The Métis of Rainy Lake and Rainy River—known today as the Northwestern Ontario Métis Community—are one of the many distinct Métis communities that emerged along the major waterways of west-central North America during the last decades of the 1700s.
Owing to its unique geography, Lac La Pluie (Rainy Lake) became a vital hub in the North West Company’s expansive fur trade network. Located near the height of land midway between the fur-rich Athabasca region and North West Company headquarters in Montreal, canoe brigades from both directions could complete a round-trip journey to Rainy Lake in a single season, returning home before the winter freeze-up.
As a transportation and commerce hub, Rainy Lake became a location for relationship building and deep intercultural exchange, for generations.

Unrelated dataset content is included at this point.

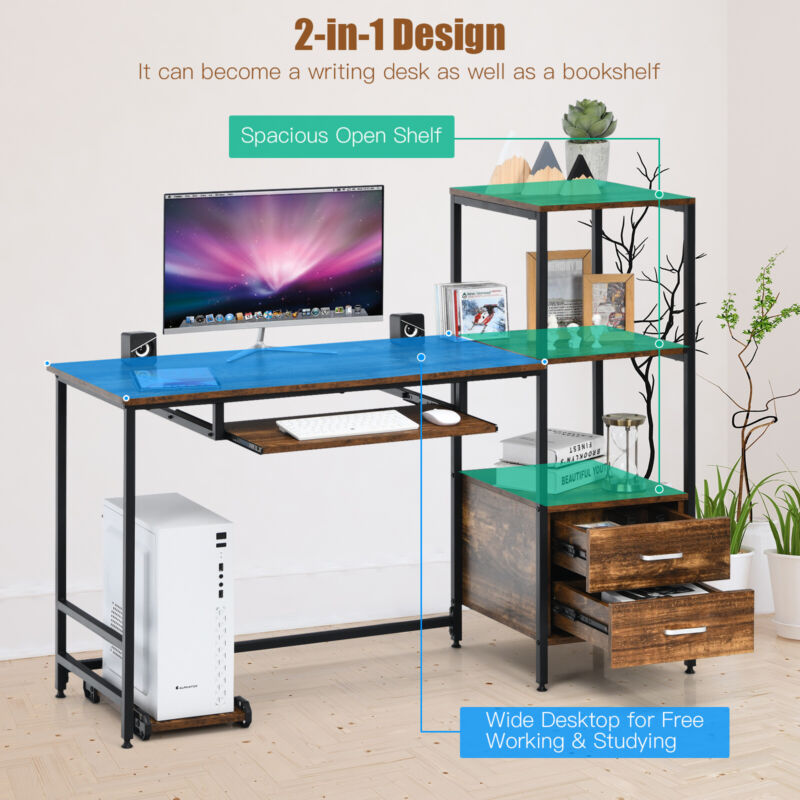 Wooden Computer Desk 3-Tier Shelves Computer Workstation W/ CPU Stand & Drawer

Even after the North West Company’s merger with the Hudson’s Bay Company in 1821, Rainy Lake remained a district headquarters and home to a large company workforce. This was increasingly offset by a growing number of locally born “freemen” who were not employed directly by the HBC, but who were relied upon by the HBC for their knowledge of the territory and ability to deliver essential goods and services, from food provisions to language interpretation.

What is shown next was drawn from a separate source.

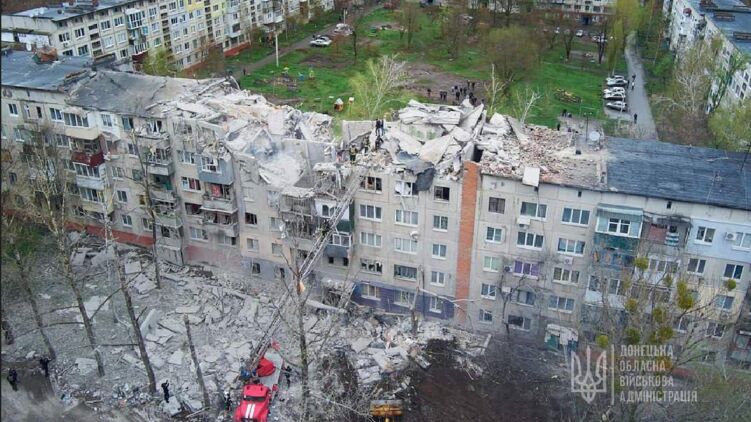 Нагадаємо, сьогодні російські війська завдали ударів по Слов'янську та Костянтинівці Донецької області. В одному із пошкоджених багатоповерхових будинків ударом знесло кілька верхніх поверхів.

By the mid to late 1800s, a distinctive Métis community emerged “in the shadows of the HBC post” in what is now Northwestern Ontario. This community included the inter-connected Métis populations “in and around: Lac La Pluie (Fort Frances); Rat Portage (Kenora), Eagle Lake (Dryden/Wabigoon) and Hungry Hall (Rainy River). The Lake of the Woods area includes Rat Portage, White Fish Lake, Northwest Angle, Wabigoon and Long Sault”.
In addition to a distinct economic identity, the historic Northwestern Ontario Métis Community was extensively inter-connected through kinship connections such as marriage, as well as godparenting and witnessing relationships. The community formed its own settlements, elected its own leaders, and collectively advocated for its own political interests.

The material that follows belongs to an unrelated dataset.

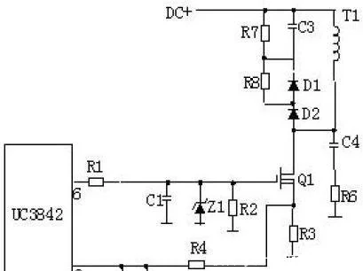 R4、C3、R5、R6、C4、D1、D2組成緩沖器,和開關(guān)電源MOS管并接,使開關(guān)電源管電壓應(yīng)力削減,EMI削減,不發(fā)生二次擊穿。在開關(guān)電源電源管Q1關(guān)斷時(shí),變壓器的原邊線圈易發(fā)生尖峰電壓和尖峰電流,這些元件組合一同,能很好地吸收尖峰電壓和電流。從R3測得的電流峰值信號(hào)參加當(dāng)前工作周波的占空比操控,因此是當(dāng)前工作周波的電流約束。當(dāng)R5上的電壓到達(dá)1V時(shí),UC3842停止工作,開關(guān)電源電源管Q1當(dāng)即關(guān)斷 。 R1和Q1中的結(jié)電容CGS、CGD一同組成RC網(wǎng)絡(luò),電容的充放電直接影響著開關(guān)電源管的開關(guān)電源電源速度。R1過小,易引起振動(dòng),電磁干擾也會(huì)很大;R1過大,會(huì)降低開關(guān)電源管的開關(guān)電源速度。Z1通常將MOS管的GS電壓約束在18V以下,然后保護(hù)了MOS管。

The Northwestern Ontario Métis Community also maintained deep marital and economic connections with other Métis communities and families across the Métis Homeland.
In addition to their own strongly held Métis identity, the Northwestern Ontario Métis Community also gained recognition as a distinct place-based Métis collectivity by Europeans and First Nations alike—eventually signing the 1875 Treaty 3 Half-Breed Adhesion as a distinct Métis collective.